### Records for the exercise
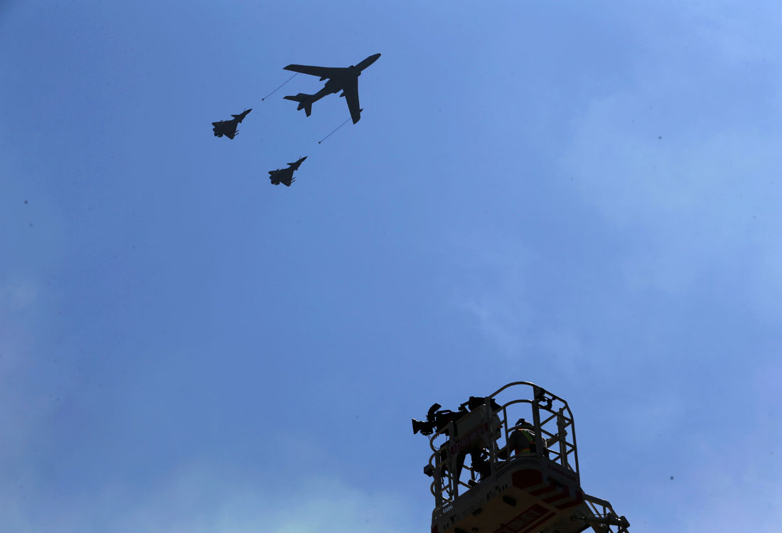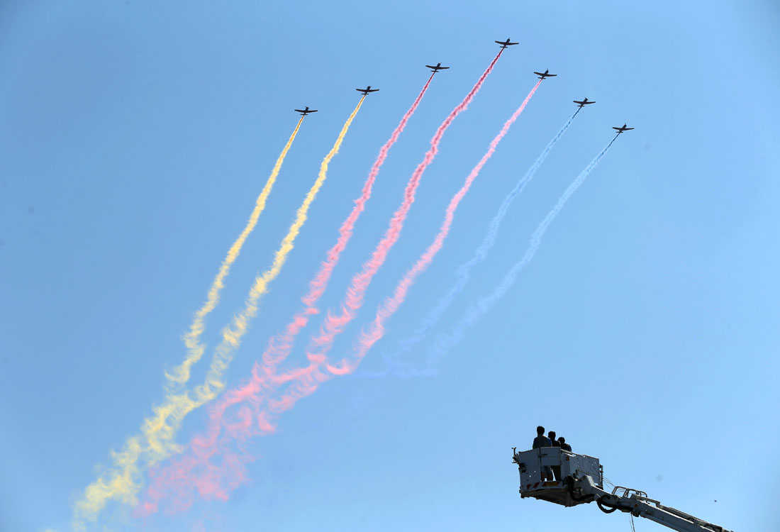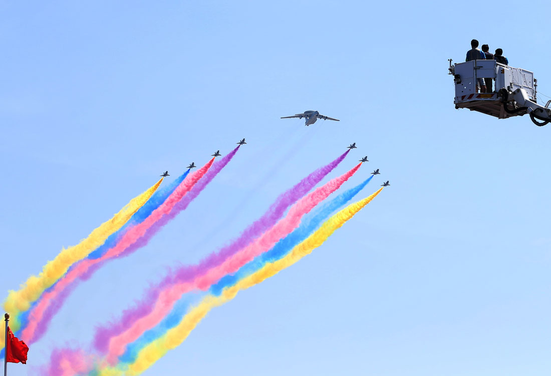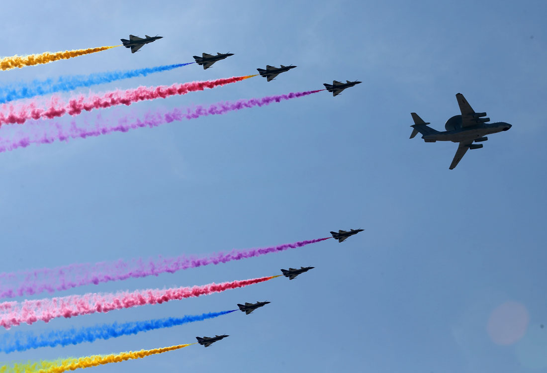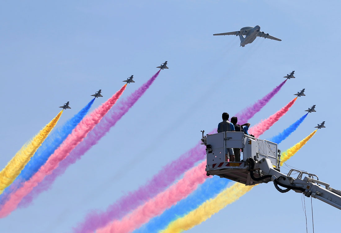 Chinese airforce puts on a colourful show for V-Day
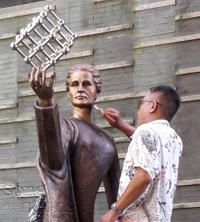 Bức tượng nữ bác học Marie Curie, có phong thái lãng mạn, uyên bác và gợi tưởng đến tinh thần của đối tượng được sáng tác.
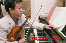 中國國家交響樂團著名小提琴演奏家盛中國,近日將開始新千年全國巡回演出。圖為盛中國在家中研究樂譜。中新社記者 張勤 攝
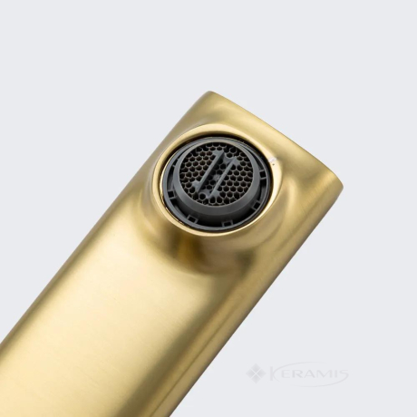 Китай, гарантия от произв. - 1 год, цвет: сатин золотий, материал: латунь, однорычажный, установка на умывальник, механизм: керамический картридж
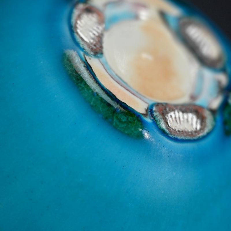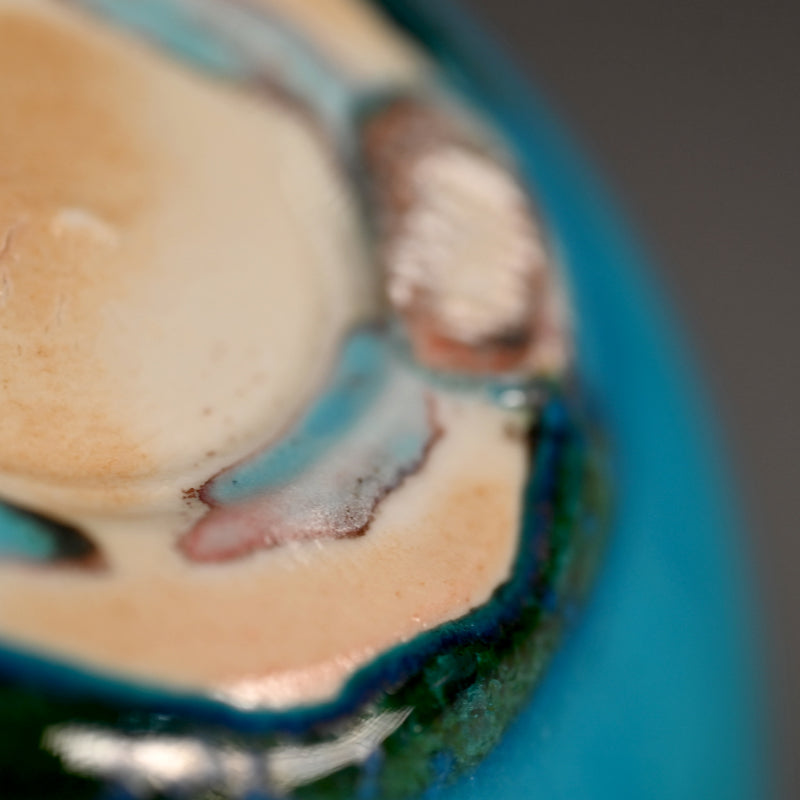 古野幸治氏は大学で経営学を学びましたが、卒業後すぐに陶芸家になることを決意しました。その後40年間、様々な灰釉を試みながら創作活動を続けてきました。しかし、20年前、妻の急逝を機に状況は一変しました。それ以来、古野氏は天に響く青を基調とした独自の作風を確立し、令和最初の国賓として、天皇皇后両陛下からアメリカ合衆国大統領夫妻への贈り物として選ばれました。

### Exercise
From the first line of the material down to the line containing "Китай, гарантия от", inclusive, return each line exactly, skipping any picture.

### Solution
 Chinese airforce puts on a colourful show for V-Day
 Bức tượng nữ bác học Marie Curie, có phong thái lãng mạn, uyên bác và gợi tưởng đến tinh thần của đối tượng được sáng tác.
 中國國家交響樂團著名小提琴演奏家盛中國,近日將開始新千年全國巡回演出。圖為盛中國在家中研究樂譜。中新社記者 張勤 攝
 Китай, гарантия от произв. - 1 год, цвет: сатин золотий, материал: латунь, однорычажный, установка на умывальник, механизм: керамический картридж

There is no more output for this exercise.